Why is my green tomato chutney too watery?

Green tomato chutney becomes watery when it hasn’t simmered long enough for moisture to evaporate. Keep cooking it uncovered on low heat, stirring often, until it thickens and holds its shape when pushed with a spoon.

How do I remove the sharp vinegar taste from chutney?

A strong vinegar flavor mellows naturally as the chutney matures. Store it in sealed jars for at least two weeks before using. Adding a little extra sugar or a handful of raisins can also help balance acidity.

Why is my chutney sticking to the bottom of the pan?

Sticking happens when the heat is too high or the chutney reaches its thick stage. Reduce the heat to low and stir frequently, especially during the final 20–30 minutes of cooking.

Can I use ripe tomatoes instead of green tomatoes?

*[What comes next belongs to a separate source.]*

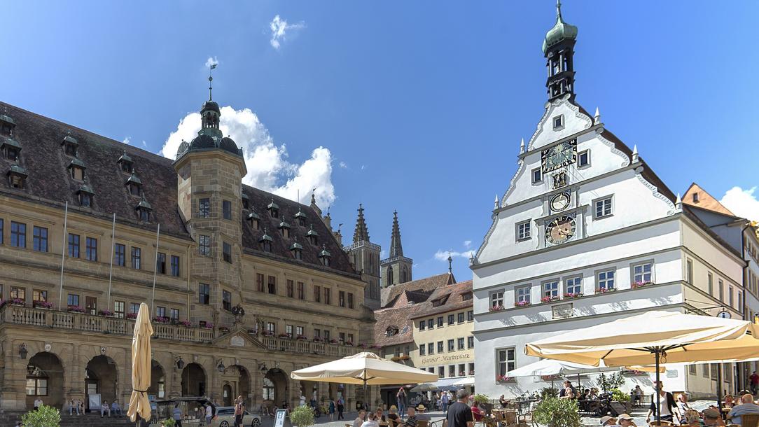 Rückweg: Wenn Sie nach Bettwar gegangen sind, gehen Sie den selben Weg wieder hinauf zum Mittelhangweg und folgen diesem weiter. Bei der ersten Abzweigung nach rechts folgen wird diesem Feldweg bergab in Richtung Straße, um kurz davor wieder links abzubiegen. Wir gelangen an die Abzweigung nach Steinbach, der wir links folgen, um an der nächsten Möglichkeit rechts die Brücke über den Steinbach zu überqueren. Hier trifft der Alternativweg 9a wieder mit unserem Hauptweg zusammen. Wir folgen nun der Straße bergauf, um bei den Hecken links auf einem steilen Pfad abzubiegen, der schon seit alters her die Kniebrecherin genannt wird. Wenn wir oben angekommen sind, folgen wir dem Hangweg, von dem wir bereits einen Blick auf Rothenburg haben. Der Weg passiert an einem Wegkreuz eine mittelalterliche Steinmarter. Hundert Meter weiter biegen wir rechts in die Schleehsteige ab, gehen darauf ca. 200m leicht bergab um dann links auf den Mittelhangweg abzubiegen. Der Feldweg führt uns über Wiesen und zwei wilden Klingen (Hangeinschnitte) die Hangmitte entlang bis zur Straße, die Rothenburg mit Detwang verbindet. Kurz davor steigen wir den gepflasterten Weg hinauf zur Heckenackersiedlung und gelangen auf den Walnußweg, dem wir rechts folgen. Am Ende der Straße, wechseln wir auf die andere Seite der Heckenackerstraße und gehen rechts weiter. Wir sind nun an der Mergentheimer Straße, die wir an einer Verkehrsinsel überqueren. Vor uns wird das Klingentor sichtbar, dessen Name von der mächtigen Klinge kommt, die sich nordwestlich der Verkehrsinsel ins Tal zieht. Durch das Tor kommen wir in die Klingentorbastei mit der Wehrkirche St. Wolfgang, dem Schäfertanzmuseum und den Kasematten. Durch die Klingengasse gehen wir nun der Jakobskirche entgegen, unterqueren diese und kommen links an das Jakobspilgerdenkmal. Jetzt ist es nicht mehr weit zu unserem Ziel- und Ausgangspunkt - entlang der Jakobskirche, dann rechts über den Grünen Markt kommen wir halblinks zum Marktplatz.

Yes, but the flavor and texture will change. Ripe tomatoes release more liquid and create a sweeter chutney. If you use ripe tomatoes, reduce the sugar slightly and simmer longer to achieve the same consistency.

Wrapping It Up

This Mary Berry Green Tomato Chutney is a delicious, versatile way to use up unripe tomatoes and create a tangy, sweet preserve that lasts for months. Simple to make and full of warm, comforting flavors, it’s perfect for pairing with cheese, meats, or sandwiches.